In the context of strategic risk management and governance, we've thought a lot over the years about how to distinguish truly valuable information in a world of data overload, fake news, etc., as well as increasingly scarce attention. In essence, decision makers have to simultaneously search through “sensemaking space” and “option space" — the former to reach a better understanding of the dynamics of the situation they confront, and the latter to determine how to most effectively and efficiently achieve their goals.

The first three type of valuable information pertain to the sensemaking challenge, which is our primary concern at Britten Coyne Partners:

  • New causal theories — that enable you to either better understand and explain the past or better forecast and anticipate the future. Causal theories that highlight positive feedback loops and critical thresholds that drive non-linearity are particularly valuable.

  • Indicators — high likelihood information (in the Bayesian sense) that enables you to better discriminate between different hypotheses — e.g., between multiple scenarios that could develop in the future. In Bayesian terms, information that reduces uncertainty and thus enables you to substantially adjust your prior probabilities across some range of hypotheses.

  • Surprises — information that triggers the feeling of surprise, usually because it is outside the range of outcomes your existing mental model would predict. Statistically, it tells you that the variance of possible outcomes is larger than you had thought. In Bayesian terms, may trigger expansion of the range of possible outcomes you had previously considered, as well as an adjustment in their probabilities. In Shannon terms, it is information with high entropy, because it increases your degree of uncertainty. 

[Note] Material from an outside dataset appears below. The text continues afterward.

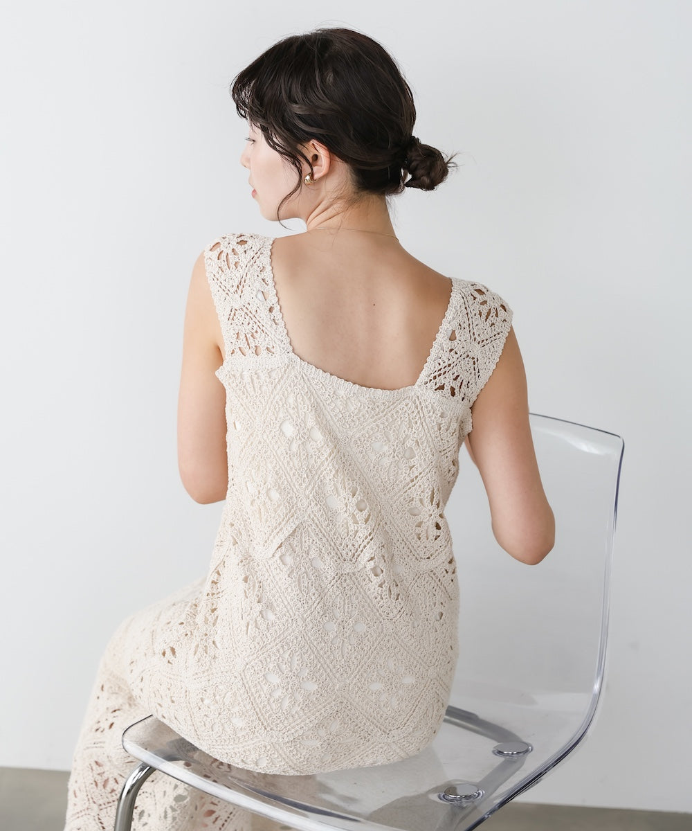 キャミソールやタンクトップをインナーに合わせて、クロシェの透け感を楽しむレイヤードスタイルがおすすめ。サンダルを合わせたリラックス感のある着こなしはもちろん、シアートップスをインナーに入れるとトレンド感のあるスタイリングに仕上がります。

The next three types of valuable information pertain to the search through option space and the selection of a course of action to pursue:

  • New Action Options — that enable you to achieve your goals with some combination of more effectiveness, more efficiency, or more flexibility (i.e., adaptability).

  • New Goals or Decision Criteria — that enable you to better evaluate and tradeoff the options you have.

  • New Time Updates — that tell you how much time is left before you must decide and act.